As for me, I need to go to India, that's my nourishment, that's what informs my practice. I've studied three times at the Krishnamacharya Yoga Mandiram and I am currently investigating an ashram in south India where I can get personalized training in yoga therapy. I would be gone at least two months, which means my private students won't have me and I'll have to find subs for my classes or cancel them entirely. the next time I go to India for two or three months, I have no idea whether I will have any teaching job anywhere when I return -- I teach at a studio and at two community colleges. teaching yoga is all I do to pay my bills.

My private students always feel sad when I am gone so long (I stay in India at least for one month), but I tell them that I am also doing this for them because I will become a better teacher (at least I hope so!) however, studio owners and operators of other venues sometimes don't see it this way.

a case in point is Cara Jepsen, a yoga teacher who I know slightly from the Chicago Yoga Center. she is an astangi and is in India right now studying in Mysore. I've read her blog a lot and used it to prep for my first trip to India in 2005.

Cara writes: "This time, one of the venues where I teach cannot guarantee I will have classes when I return from India. I don't blame them, but this could affect up to 1/2 of my income. Ouch!"

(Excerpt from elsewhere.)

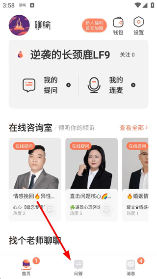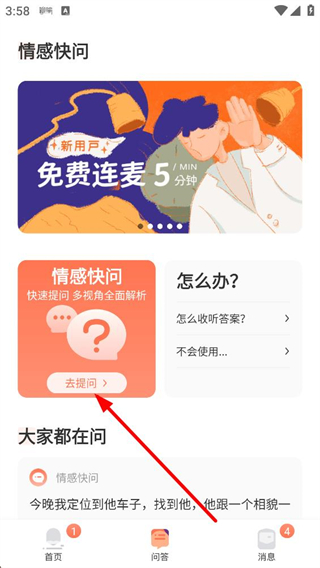 2、問答頁面可進入情感快問板塊,新用戶能享受免費連麥福利,點擊去提問按鈕即可進入提問界面,快速發起情感相關的咨詢請求。

That's a sad thing. a yoga studio is a business just like any other business but there's a way to conduct business that is more mindful and holistic, shall we say. and frankly, some yoga studio owners shouldn't be in the yoga business.

If I had a teacher who studies as much as Cara or I do, or is so committed and passionate about yoga, it would never cross my mind to not welcome them back home to teach. why would I not want such a knowledgeable teacher to return to my studio to teach? why would I not want her students to benefit from that knowledge?

Are yoga teachers just a dime a dozen? does a studio owner think one teacher is as good as another so if one leaves, another can't be too far behind? that one teacher of a certain skill set is easily replaceable by another?

If a yoga teacher is on "sabbatical" to further their path which makes them a better teacher, get a substitute teacher just like in a school system. there are so many yoga teacher training programs in the Chicagoland area I have no idea where all these newbie teachers are going to teach -- that's your sub market right there. I have a friend who is a substitute school teacher and she works every day -- public school teachers take LOTS of time off and no one tells them they won't have a job if they take too much time off. yoga teachers should be given the same respect.

So for a studio owner or the operator of any other venue to tell a yoga teacher that they might not have a job when the get back...that attitude boggles my mind. talk about putting some bad energy out into the universe.

On the other hand, if a studio owner tells me that they don't want me to come back after I've studied not only to improve myself but also for THEIR business, that tells me that I need to move on, that this is not the place for me and my talents, and that I am destined for bigger and better things. all things happen for a reason.

"If your teacher does not have the correct foundation, how is he able to teach students?...You pratice yoga as a spiritual practice, not in order to become a teacher. Yoga should be like eating very day; it should be like, without yoga you cannot survive."

A "correct foundation." that's the training that we do to continue doing what we do. and without my training I could not survive as a yoga teacher. but that's me.

If any of you reading this are thinking of becoming a yoga teacher for the money, think again -- that shouldn't even be your motivation in the first place -- "many yoga teachers say they don't make enough money teaching yoga. 'Then do something else.' It is your karma to do. Don't expect anything from it."

We don't do this for the money, but I pay the same amount for gas and food as y'all do. and it would be nice to know that I will have a job to come back to.

We all pay a price for our dharma, isn't it?